── EXERCISE INPUTS ──

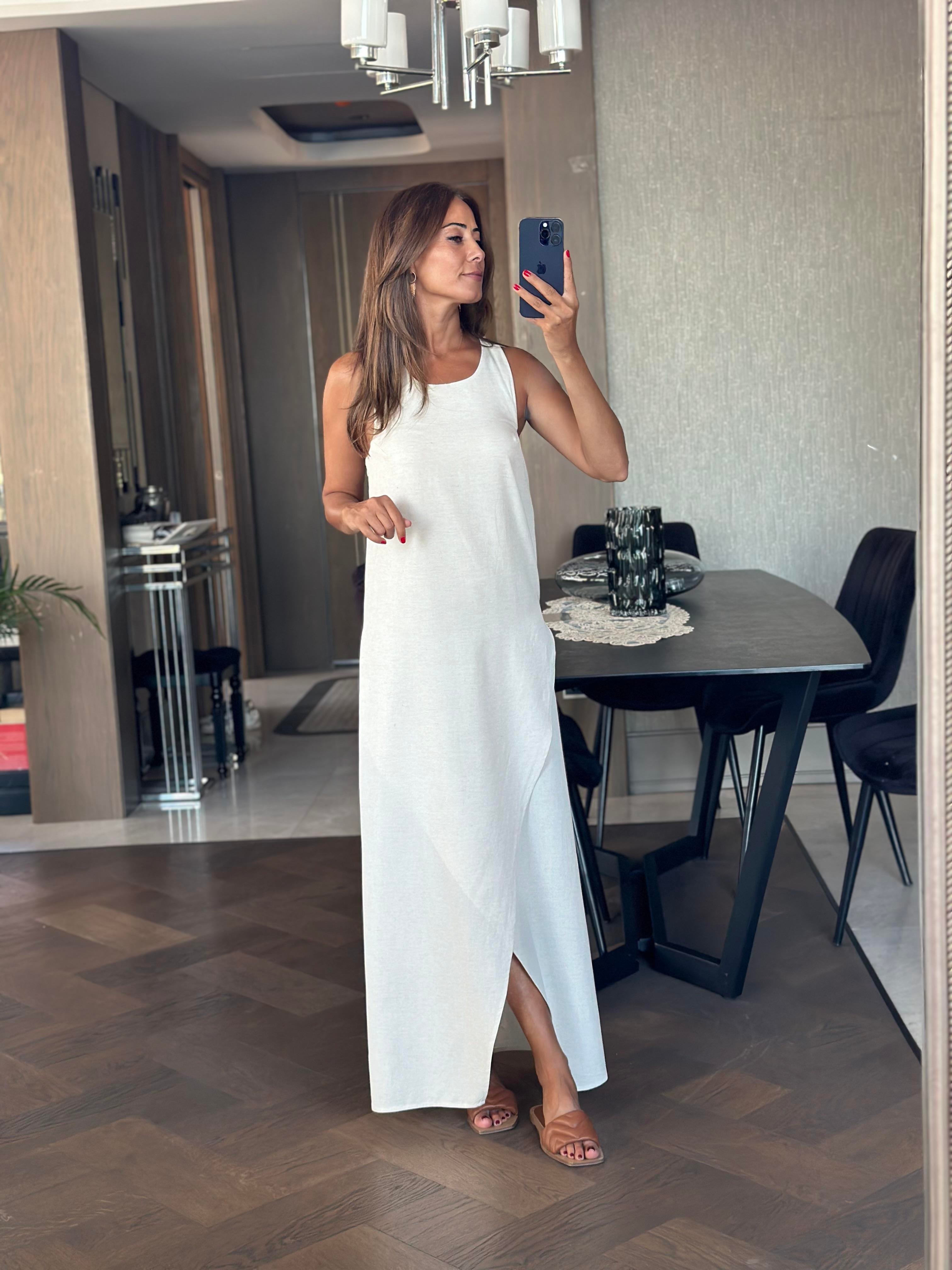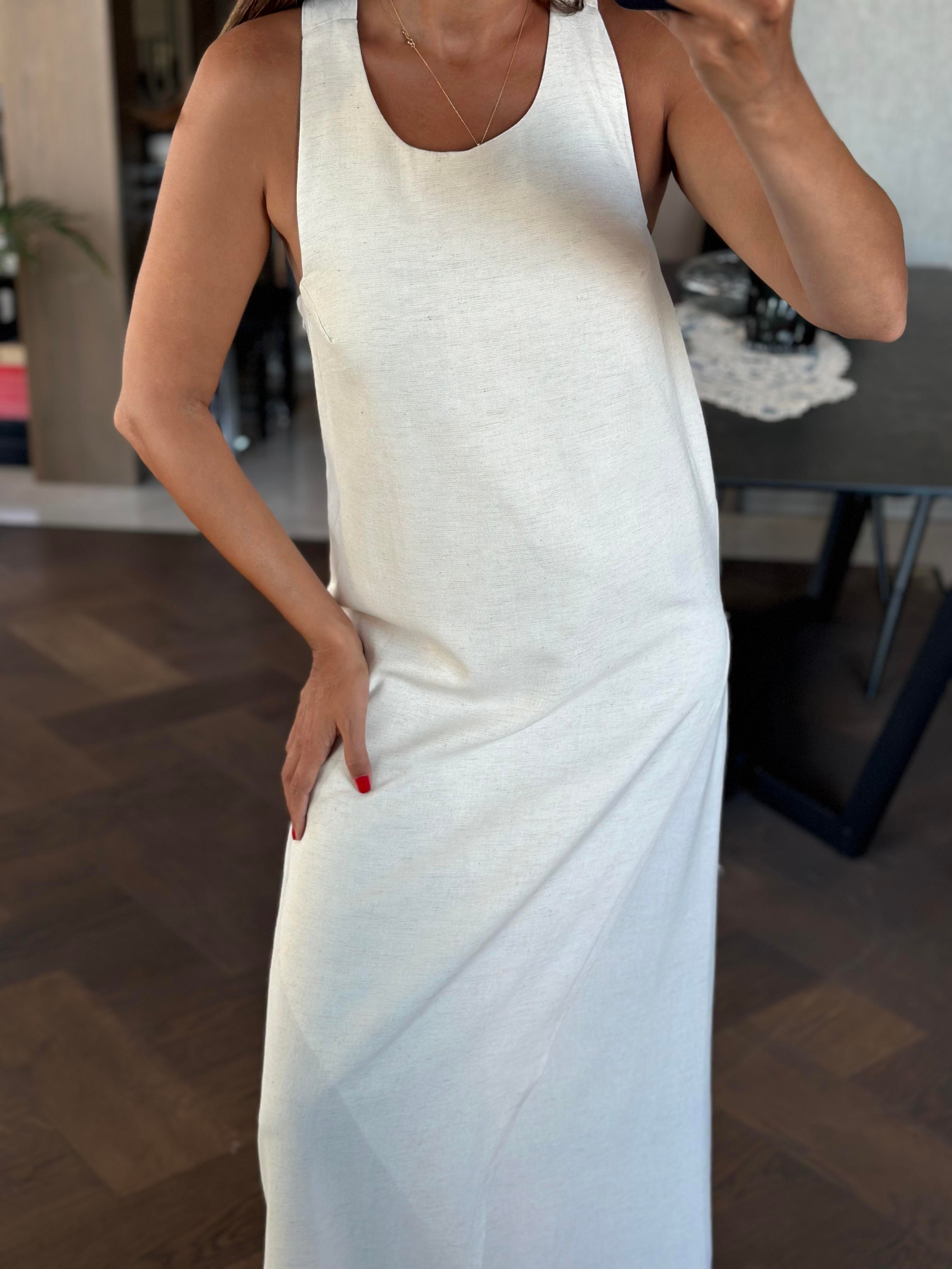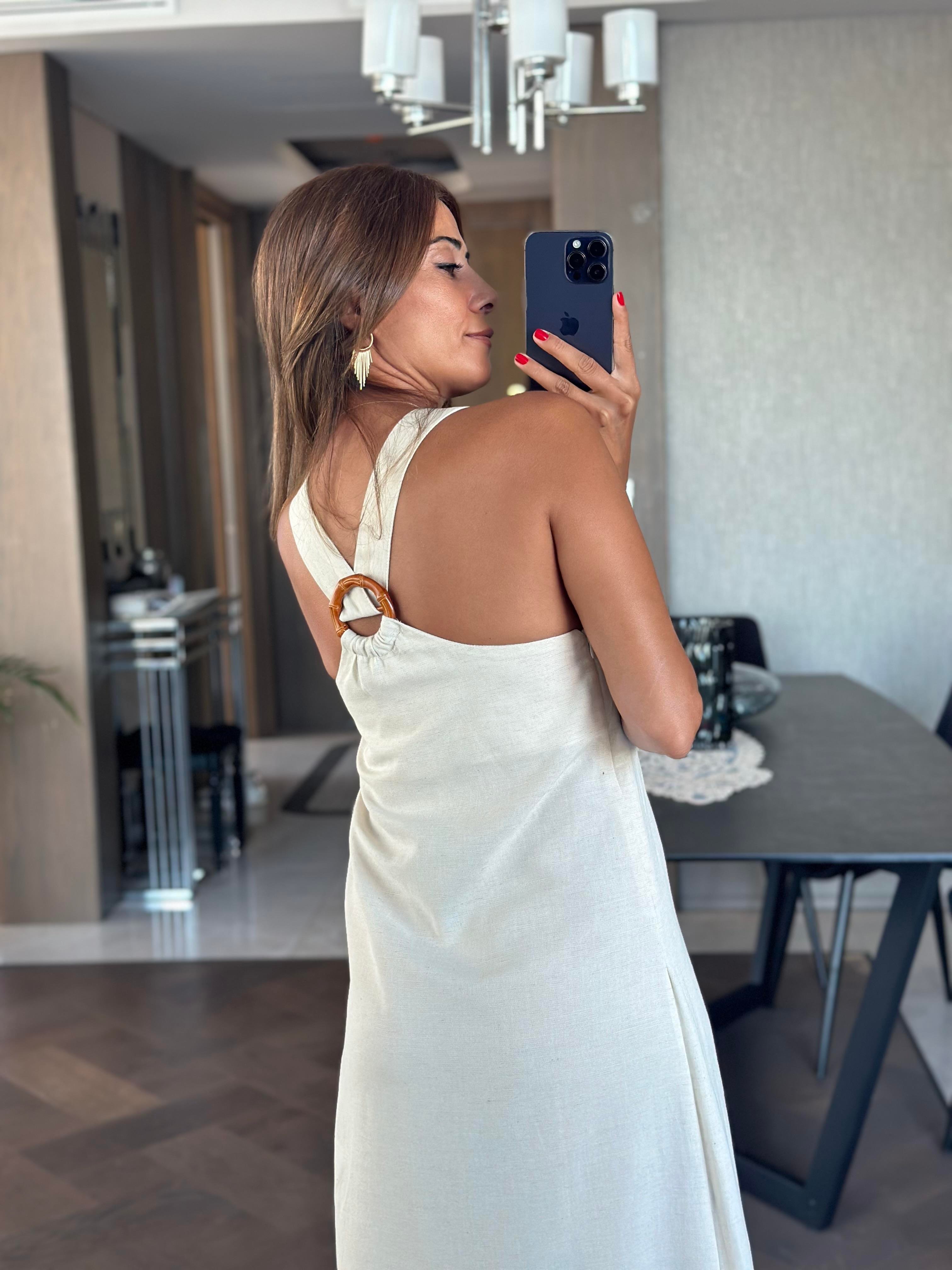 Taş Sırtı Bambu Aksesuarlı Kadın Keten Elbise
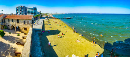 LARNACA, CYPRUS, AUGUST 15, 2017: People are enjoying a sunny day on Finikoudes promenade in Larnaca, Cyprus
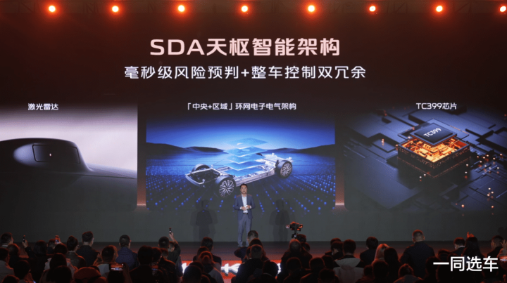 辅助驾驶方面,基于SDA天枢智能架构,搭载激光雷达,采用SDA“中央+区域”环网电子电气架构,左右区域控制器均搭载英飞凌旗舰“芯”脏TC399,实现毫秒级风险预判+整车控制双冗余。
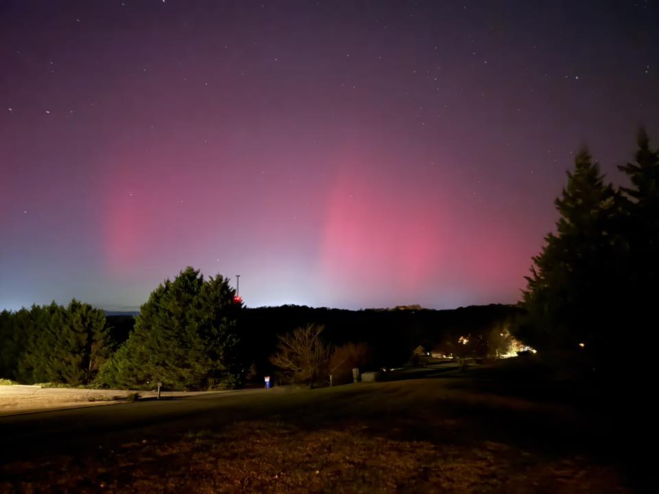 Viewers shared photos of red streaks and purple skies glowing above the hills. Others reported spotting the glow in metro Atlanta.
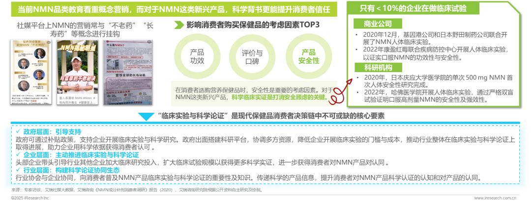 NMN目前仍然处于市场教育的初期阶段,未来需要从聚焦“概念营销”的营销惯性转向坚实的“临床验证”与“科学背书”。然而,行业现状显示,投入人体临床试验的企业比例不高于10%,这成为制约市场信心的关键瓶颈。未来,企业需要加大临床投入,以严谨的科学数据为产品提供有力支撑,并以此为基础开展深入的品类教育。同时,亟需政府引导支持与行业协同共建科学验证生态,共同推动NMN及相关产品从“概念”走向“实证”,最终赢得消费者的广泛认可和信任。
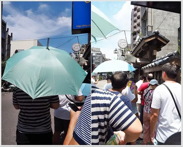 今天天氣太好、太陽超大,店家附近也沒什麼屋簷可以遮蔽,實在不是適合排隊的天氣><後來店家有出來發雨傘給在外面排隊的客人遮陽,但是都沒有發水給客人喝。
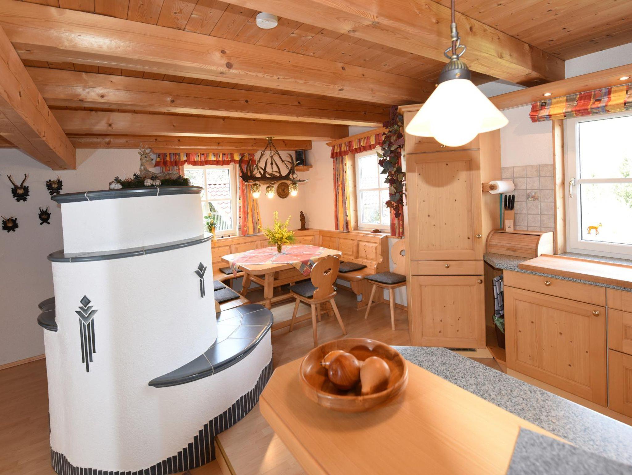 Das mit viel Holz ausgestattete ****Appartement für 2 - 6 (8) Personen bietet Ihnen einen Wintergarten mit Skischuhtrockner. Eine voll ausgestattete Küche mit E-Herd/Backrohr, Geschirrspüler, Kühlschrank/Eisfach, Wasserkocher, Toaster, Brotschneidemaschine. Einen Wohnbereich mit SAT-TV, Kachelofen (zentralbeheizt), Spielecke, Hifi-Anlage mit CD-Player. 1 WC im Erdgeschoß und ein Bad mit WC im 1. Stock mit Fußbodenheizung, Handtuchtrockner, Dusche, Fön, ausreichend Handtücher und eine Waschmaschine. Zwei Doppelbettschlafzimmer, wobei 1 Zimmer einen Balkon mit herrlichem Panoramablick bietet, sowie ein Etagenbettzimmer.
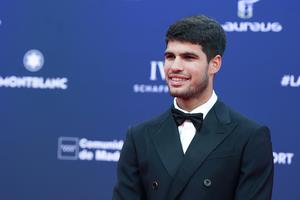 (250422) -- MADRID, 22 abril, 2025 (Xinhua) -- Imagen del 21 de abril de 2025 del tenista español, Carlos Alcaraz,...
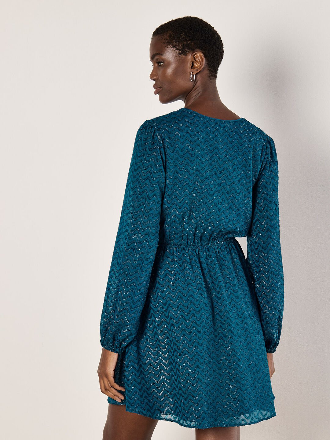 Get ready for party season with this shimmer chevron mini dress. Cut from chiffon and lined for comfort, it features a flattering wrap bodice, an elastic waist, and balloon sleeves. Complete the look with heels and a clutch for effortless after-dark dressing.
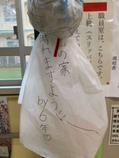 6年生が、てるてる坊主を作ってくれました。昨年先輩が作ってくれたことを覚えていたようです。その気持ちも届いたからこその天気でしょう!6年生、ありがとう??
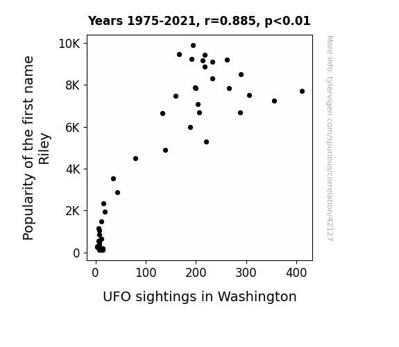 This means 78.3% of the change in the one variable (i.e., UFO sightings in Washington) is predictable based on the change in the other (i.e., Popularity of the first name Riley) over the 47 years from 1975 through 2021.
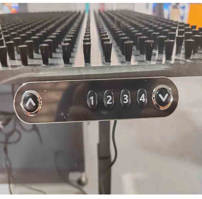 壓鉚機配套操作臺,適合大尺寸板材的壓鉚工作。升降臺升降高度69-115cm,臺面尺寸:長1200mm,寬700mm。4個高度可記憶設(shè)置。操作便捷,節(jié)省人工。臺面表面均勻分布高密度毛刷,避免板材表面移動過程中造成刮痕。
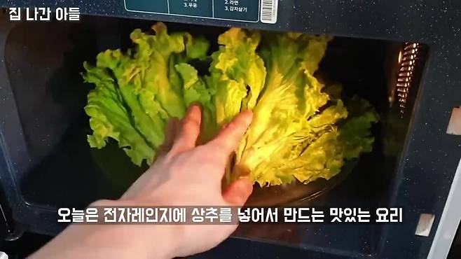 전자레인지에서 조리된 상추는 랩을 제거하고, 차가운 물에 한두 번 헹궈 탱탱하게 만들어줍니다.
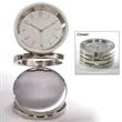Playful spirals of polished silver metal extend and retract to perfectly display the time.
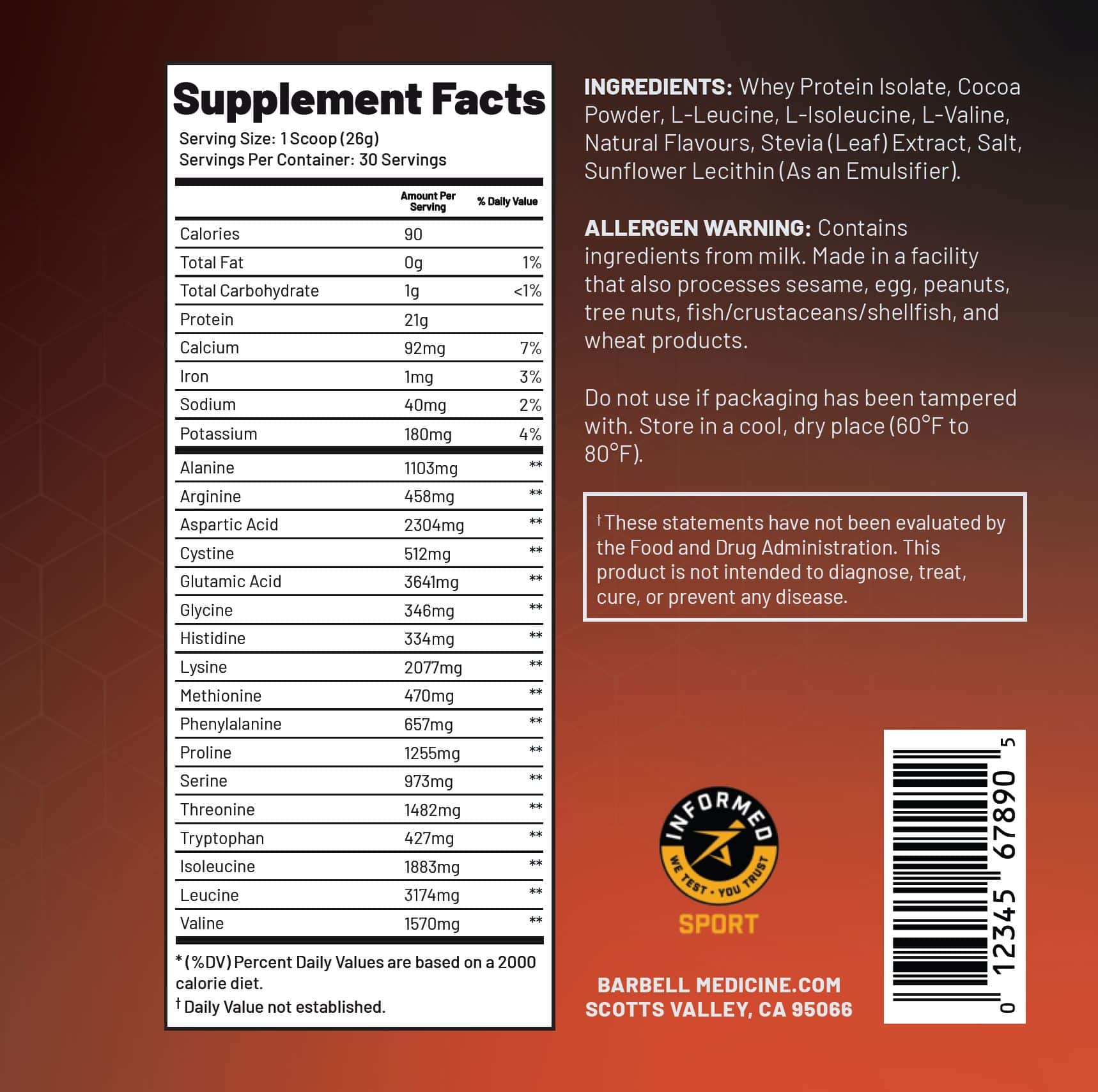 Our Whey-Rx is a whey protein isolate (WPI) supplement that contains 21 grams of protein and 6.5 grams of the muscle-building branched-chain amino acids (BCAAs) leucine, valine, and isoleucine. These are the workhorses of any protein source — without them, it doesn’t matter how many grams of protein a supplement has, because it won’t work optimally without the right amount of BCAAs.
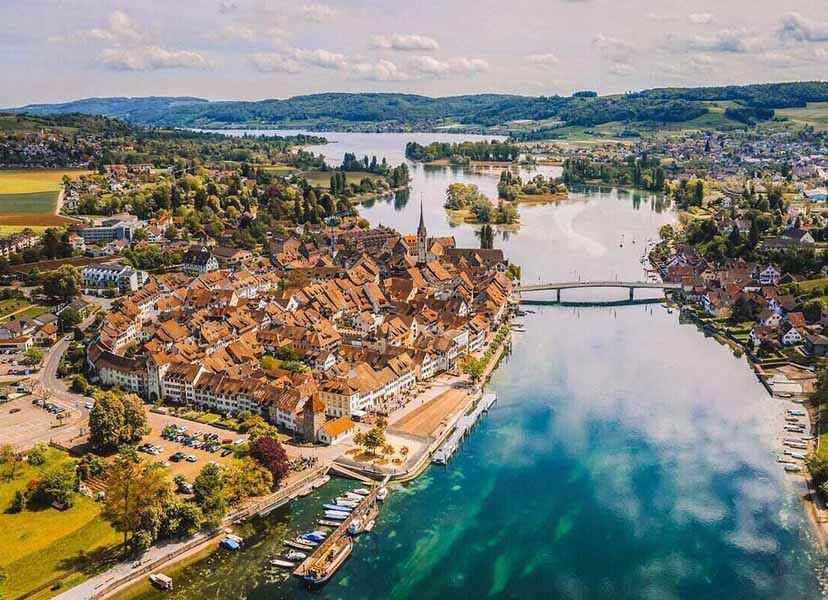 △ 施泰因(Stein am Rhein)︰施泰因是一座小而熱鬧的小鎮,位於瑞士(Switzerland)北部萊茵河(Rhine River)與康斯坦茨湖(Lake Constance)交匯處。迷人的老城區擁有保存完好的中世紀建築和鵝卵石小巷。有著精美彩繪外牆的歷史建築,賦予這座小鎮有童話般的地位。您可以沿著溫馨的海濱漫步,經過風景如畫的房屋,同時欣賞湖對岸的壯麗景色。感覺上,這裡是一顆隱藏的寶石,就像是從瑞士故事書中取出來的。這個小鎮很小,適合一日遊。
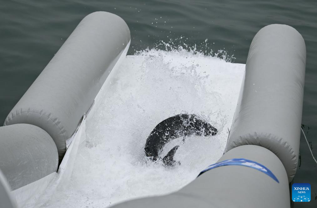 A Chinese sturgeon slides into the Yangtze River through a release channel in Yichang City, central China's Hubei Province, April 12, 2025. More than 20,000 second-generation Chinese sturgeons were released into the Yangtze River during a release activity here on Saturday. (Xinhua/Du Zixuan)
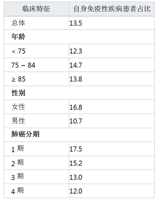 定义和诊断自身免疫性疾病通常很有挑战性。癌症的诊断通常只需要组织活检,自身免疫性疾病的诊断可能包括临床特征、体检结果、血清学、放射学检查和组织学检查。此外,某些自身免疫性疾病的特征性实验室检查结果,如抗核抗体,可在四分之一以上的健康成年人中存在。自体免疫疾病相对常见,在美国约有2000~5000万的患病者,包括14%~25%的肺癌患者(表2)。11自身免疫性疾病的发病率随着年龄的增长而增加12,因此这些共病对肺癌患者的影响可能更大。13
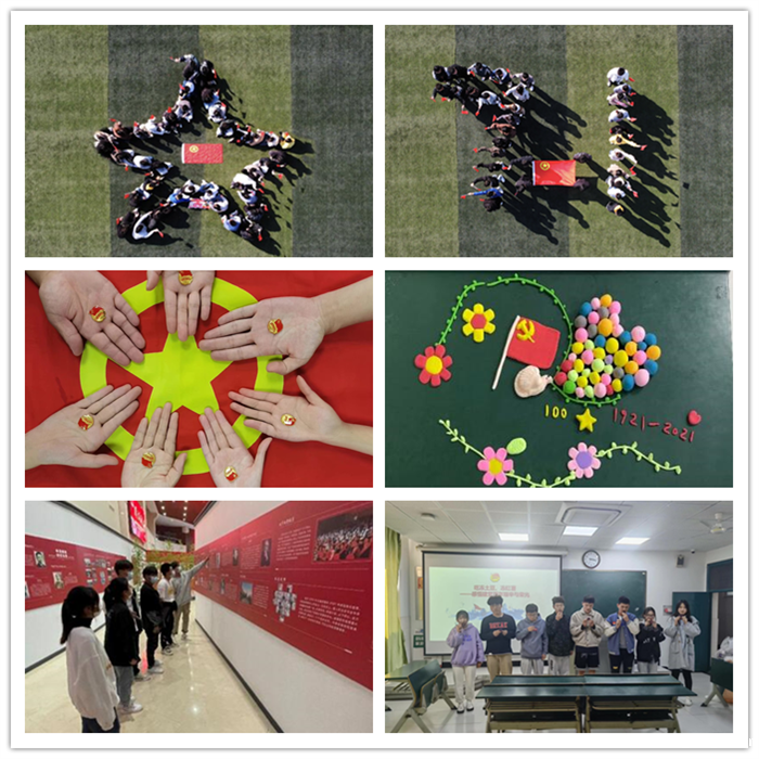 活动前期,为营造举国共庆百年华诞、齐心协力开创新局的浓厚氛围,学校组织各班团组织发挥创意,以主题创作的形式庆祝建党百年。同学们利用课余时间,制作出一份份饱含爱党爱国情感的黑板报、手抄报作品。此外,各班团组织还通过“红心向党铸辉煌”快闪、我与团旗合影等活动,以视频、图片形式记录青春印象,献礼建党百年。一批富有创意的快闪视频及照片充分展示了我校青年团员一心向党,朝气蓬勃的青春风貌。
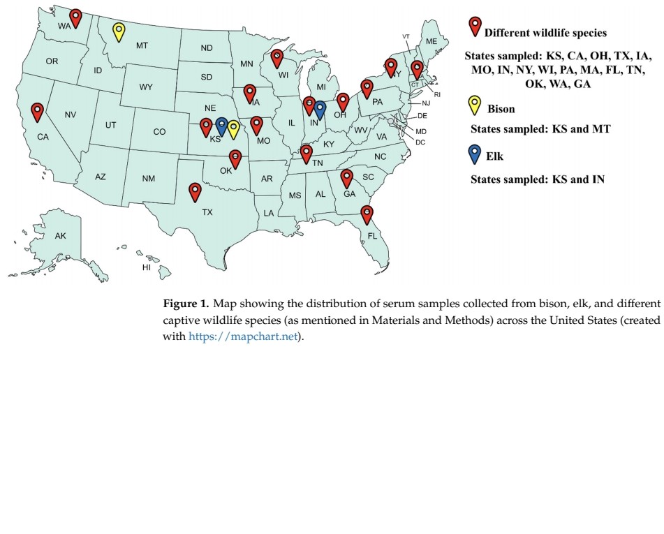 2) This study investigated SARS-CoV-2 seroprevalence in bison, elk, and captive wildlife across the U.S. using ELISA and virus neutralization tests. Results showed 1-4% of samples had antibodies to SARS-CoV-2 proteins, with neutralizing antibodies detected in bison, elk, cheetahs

───

The line containing "今天天氣太好、太陽超大,店家" marks where the copy ends; print every line before it from the start of the records, and that line too, but no pictures.

*RESPONSE TO THIS TASK*.
 Taş Sırtı Bambu Aksesuarlı Kadın Keten Elbise
 LARNACA, CYPRUS, AUGUST 15, 2017: People are enjoying a sunny day on Finikoudes promenade in Larnaca, Cyprus
 辅助驾驶方面,基于SDA天枢智能架构,搭载激光雷达,采用SDA“中央+区域”环网电子电气架构,左右区域控制器均搭载英飞凌旗舰“芯”脏TC399,实现毫秒级风险预判+整车控制双冗余。
 Viewers shared photos of red streaks and purple skies glowing above the hills. Others reported spotting the glow in metro Atlanta.
 NMN目前仍然处于市场教育的初期阶段,未来需要从聚焦“概念营销”的营销惯性转向坚实的“临床验证”与“科学背书”。然而,行业现状显示,投入人体临床试验的企业比例不高于10%,这成为制约市场信心的关键瓶颈。未来,企业需要加大临床投入,以严谨的科学数据为产品提供有力支撑,并以此为基础开展深入的品类教育。同时,亟需政府引导支持与行业协同共建科学验证生态,共同推动NMN及相关产品从“概念”走向“实证”,最终赢得消费者的广泛认可和信任。
 今天天氣太好、太陽超大,店家附近也沒什麼屋簷可以遮蔽,實在不是適合排隊的天氣><後來店家有出來發雨傘給在外面排隊的客人遮陽,但是都沒有發水給客人喝。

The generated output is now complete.